Parallelizing MB-QML protocols

Note

MentPy is under active development. This tutorial might break in future versions.

In this tutorial, we will see how to parallelize the MB-QML protocols in mentpy. Similar to the previous tutorial, we first need a MB-QML model to work with.

In [1]: gs = mp.templates.muta(2,1, one_column=True)

In [2]: gs[3] = mp.Ment('X')

In [3]: gs[8] = mp.Ment('X')

In [4]: ps = mp.PatternSimulator(gs)

In [5]: mp.draw(gs)
Out[5]: (<Figure size 800x300 with 1 Axes>, <Axes: >)
../_images/muta_mbqml.png

Then, when we define a loss function, we can use the pathos package to parallelize the computation of the infidelity between the target states and the output states.

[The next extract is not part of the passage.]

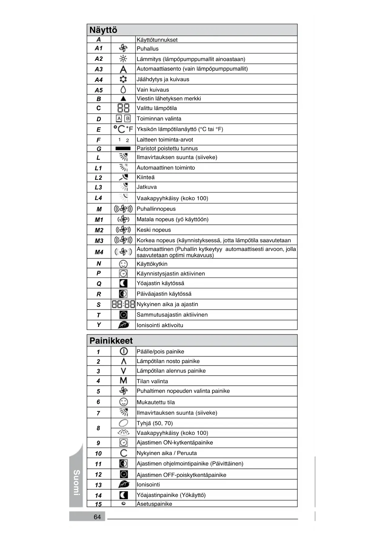 Päälle/pois painike Lämpötilan nosto painike Lämpötilan alennus painike Tilan valinta Puhaltimen nopeuden valinta painike Mukautettu tila Ilmavirtauksen suunta (siiveke) Tyhjä (50, 70)Vaakapyyhkäisy (koko 100) Ajastimen ON-kytkentäpainike Nykyinen aika / Peruuta Ajastimen ohjelmointipainike (Päivittäinen) Ajastimen OFF-poiskytkentäpainike Ionisointi Yöajastinpainike (Yökäyttö) Asetuspainike Suomi65

In [6]: from pathos.multiprocessing import ProcessingPool as Pool

In [7]: def loss(output, target):
   ...:     avg_fidelity = 0
   ...:     for sty, out in zip(target, output):
   ...:         sty = mp.calculator.pure2density(sty)
   ...:         avg_fidelity += 1-mp.calculator.fidelity(sty, out)
   ...:     ans = (avg_fidelity/len(target))
   ...:     return ans
   ...: 

In [8]: def prediction_single_state(thetas, st):
   ...:     ps.reset(input_state=st)
   ...:     statek = ps(thetas)
   ...:     return statek
   ...: 

In [9]: def prediction(thetas, statesx):
   ...:     thetas = np.copy(thetas)
   ...:     pool = Pool()
   ...:     output = pool.map(prediction_single_state, [thetas]*len(statesx), statesx)
   ...:     return output
   ...: 

In [10]: def cost(thetas, statesx, statesy):
   ....:     outputs = prediction(thetas, statesx)
   ....:     return loss(outputs, statesy)
   ....: 

Then, we define our training loop and iterate over a noise range to see how the infidelity changes with the noise strength.

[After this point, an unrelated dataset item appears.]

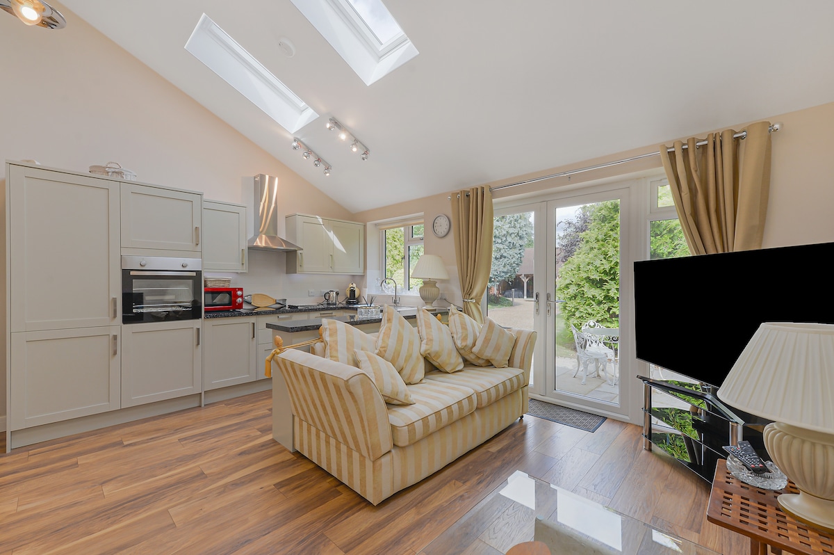 Anexo autónomo de diseño profesional y recién desarrollado, que forma parte de un edificio histórico catalogado de grado II del siglo XVII. Ubicado en el centro de la ciudad de Sevenoaks, en la calle principal, frente a la escuela Sevenoaks y al sitio Knole Park National Trust. Dentro del área de excepcional belleza natural de Kent Downs (AONB). Estacionamiento privado fuera de la calle y jacuzzi (ambos de forma gratuita) y carga de vehículos eléctricos disponibles. Se admiten mascotas.

gate2learn = mp.gates.ising_xx(np.pi/2)
noise_type = 'brownian'
# noise_type = 'bitflip'

STEPS_NOISE = 10
test_rounds = {}
train_rounds = {}
for k in range(STEPS_NOISE):
    runs_train = []
    runs_test = []
    NUM_STEPS = 200
    NUM_RUNS = 60
    for i in range(NUM_RUNS):
        (x_train, y_train), (x_test, y_test) = mp.utils.generate_random_dataset_noisy(gate2learn, 20, noise_level=0.05*k, noise_type=noise_type, test_size = 0.5)

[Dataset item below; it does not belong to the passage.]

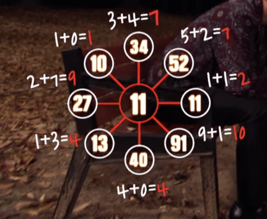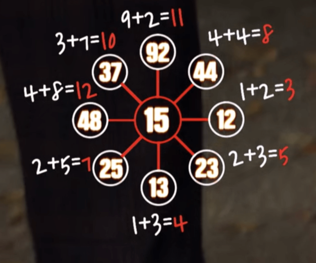 There are rings of various two digit numbers in bubbles; figuring out their pattern will determine the number that goes in the center. You have to add the two digits in each bubble together – for example, 34 would be 3+4 or 7. Then, you must add that number to the one directly across from it. So if 34 aka 7 is across from 40 aka 4, then the answer would be 11. (All the number pairs in the ring should have the same total.) Sejeong figures out the answer to one puzzle is 11 like I outlined above, and the answer to the other is 15.

        theta = np.random.rand(len(gs.trainable_nodes))
        opt = mp.optimizers.AdamOpt(step_size=0.08)
        theta = opt.optimize(lambda params: cost(params, x_train, y_train), theta, num_iters=NUM_STEPS)
        post_cost_test = cost(theta, x_test, y_test)
        post_cost_train = cost(theta, x_train, y_train)

        runs_train.append(post_cost_train)
        runs_test.append(post_cost_test)

    print("Finished round ", k)
    train_rounds[k] = runs_train
    test_rounds[k] = runs_test
    np.save(f'train_{k}_np.npy', runs_train)
    np.save(f'test_{k}_np.npy', runs_test)

This will significantly speed up the computation of the loss function. Finally, we can plot the learning curve.

Code for plotting learning curve

If you do not have seaborn installed, you can either install it by running pip install –upgrade seaborn or comment out the seaborn-style lines.

fig, ax = plt.subplots()
means_train, means_test, sem_train, sem_test = [], [], [], []

for indx, noise_lvl in enumerate(np.arange(STEPS_NOISE)*0.05):
    runs_train = np.load(f'train_{indx}_np.npy')
    runs_test = np.load(f'test_{indx}_np.npy')
    means_train.append(1-np.mean(runs_train))
    means_test.append(1-np.mean(runs_test))
    sem_train.append(np.std(runs_train, ddof=1) / np.sqrt(len(runs_train)))
    sem_test.append(np.std(runs_test, ddof=1) / np.sqrt(len(runs_test)))

sem_train = np.array(sem_train)
sem_train[sem_train < 0] = 0
sem_train[sem_train > 1] = 1

sem_test = np.array(sem_test)
sem_test[sem_test < 0] = 0
sem_test[sem_test > 1] = 1

ax.errorbar(np.arange(STEPS_NOISE)*0.05, means_train, yerr=np.sqrt(sem_train), label='Train cost', linestyle='-', color='blue', capsize=2)
ax.errorbar(np.arange(STEPS_NOISE)*0.05, means_test, yerr=np.sqrt(sem_test), label='Test cost', linestyle='--', color='green', capsize=2)

ax.legend(fontsize=16)

ax.set_xlabel('Noise strength', fontsize=16)
ax.set_ylabel('Fidelity', fontsize=16)
ax.set_title(r'$\operatorname{IsingXX}(\pi/2)$ (Brownian noise)', fontsize=18)
# ax.set_title(r'$\operatorname{IsingXX}(\pi/2)$ (Bitflip noise)', fontsize=18)
ax.tick_params(axis='both', which='major', labelsize=16)
plt.tight_layout()
plt.savefig('isingxx_noise.png', dpi=500)